Data excerpt =>
-------------------------

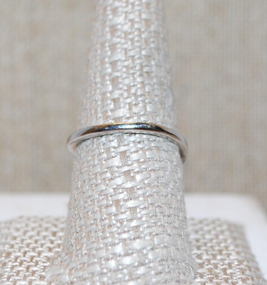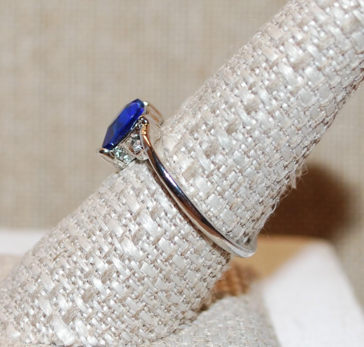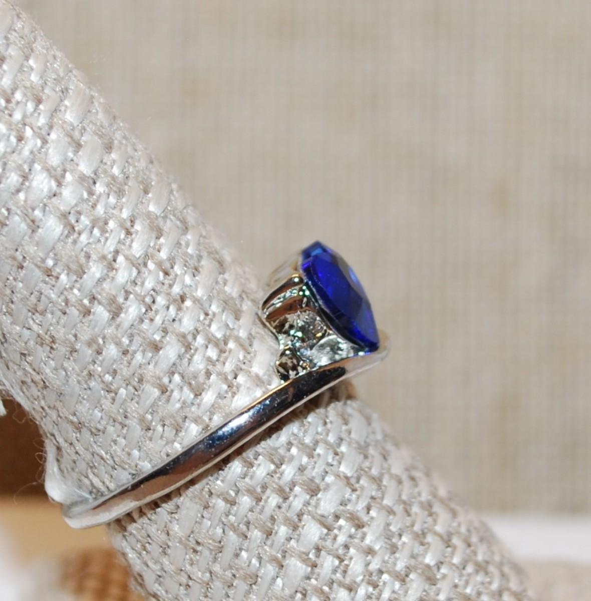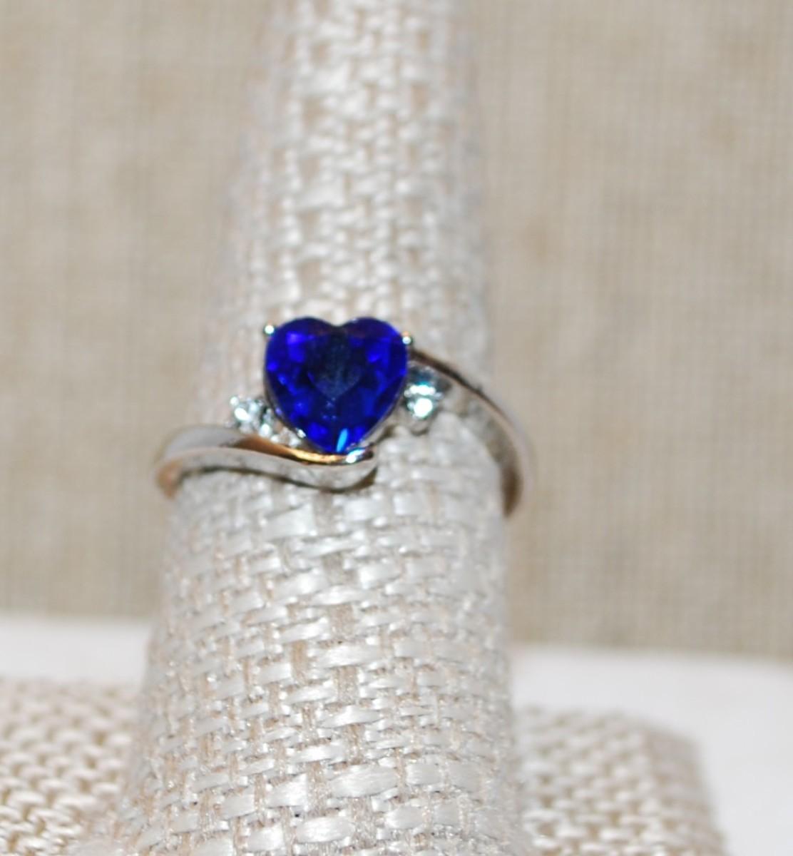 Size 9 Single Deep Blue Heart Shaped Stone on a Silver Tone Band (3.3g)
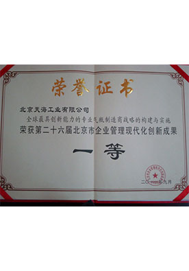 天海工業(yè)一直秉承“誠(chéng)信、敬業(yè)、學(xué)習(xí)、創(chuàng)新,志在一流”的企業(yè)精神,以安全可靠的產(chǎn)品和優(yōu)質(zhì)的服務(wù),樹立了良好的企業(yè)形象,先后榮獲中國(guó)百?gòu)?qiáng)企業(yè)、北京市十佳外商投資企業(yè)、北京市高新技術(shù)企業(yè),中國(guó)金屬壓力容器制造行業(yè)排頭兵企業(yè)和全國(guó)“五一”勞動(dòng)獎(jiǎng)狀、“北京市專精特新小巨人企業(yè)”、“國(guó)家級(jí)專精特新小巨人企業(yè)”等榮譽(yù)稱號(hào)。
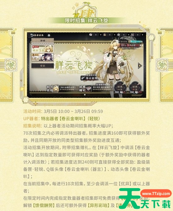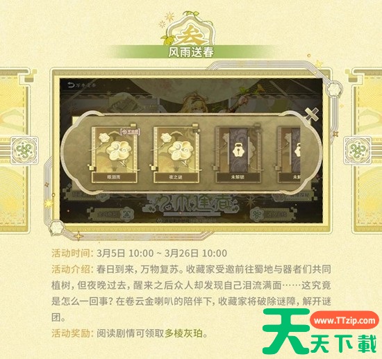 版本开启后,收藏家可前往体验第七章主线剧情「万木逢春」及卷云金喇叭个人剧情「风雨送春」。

-------------------------

Task instructions =>
Give the listing above again word for word, without its pictures.

Response for this exercise =>
 Size 9 Single Deep Blue Heart Shaped Stone on a Silver Tone Band (3.3g)
 天海工業(yè)一直秉承“誠(chéng)信、敬業(yè)、學(xué)習(xí)、創(chuàng)新,志在一流”的企業(yè)精神,以安全可靠的產(chǎn)品和優(yōu)質(zhì)的服務(wù),樹立了良好的企業(yè)形象,先后榮獲中國(guó)百?gòu)?qiáng)企業(yè)、北京市十佳外商投資企業(yè)、北京市高新技術(shù)企業(yè),中國(guó)金屬壓力容器制造行業(yè)排頭兵企業(yè)和全國(guó)“五一”勞動(dòng)獎(jiǎng)狀、“北京市專精特新小巨人企業(yè)”、“國(guó)家級(jí)專精特新小巨人企業(yè)”等榮譽(yù)稱號(hào)。
 版本开启后,收藏家可前往体验第七章主线剧情「万木逢春」及卷云金喇叭个人剧情「风雨送春」。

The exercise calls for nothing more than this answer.